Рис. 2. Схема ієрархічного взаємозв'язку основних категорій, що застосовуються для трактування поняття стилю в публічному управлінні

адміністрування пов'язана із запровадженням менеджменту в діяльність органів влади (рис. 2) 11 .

...

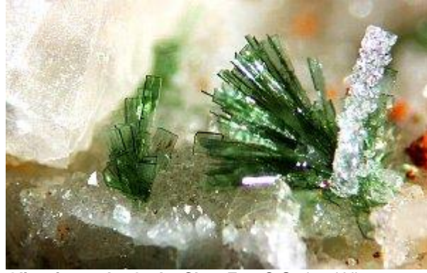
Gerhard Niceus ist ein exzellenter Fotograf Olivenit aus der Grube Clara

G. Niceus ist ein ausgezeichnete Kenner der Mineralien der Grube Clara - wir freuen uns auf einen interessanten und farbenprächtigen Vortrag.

*What is expected*: Lines of the listing above that contain the word "Niceus" must all be copied.

*Solved problem*:
Gerhard Niceus ist ein exzellenter Fotograf Olivenit aus der Grube Clara
G. Niceus ist ein ausgezeichnete Kenner der Mineralien der Grube Clara - wir freuen uns auf einen interessanten und farbenprächtigen Vortrag.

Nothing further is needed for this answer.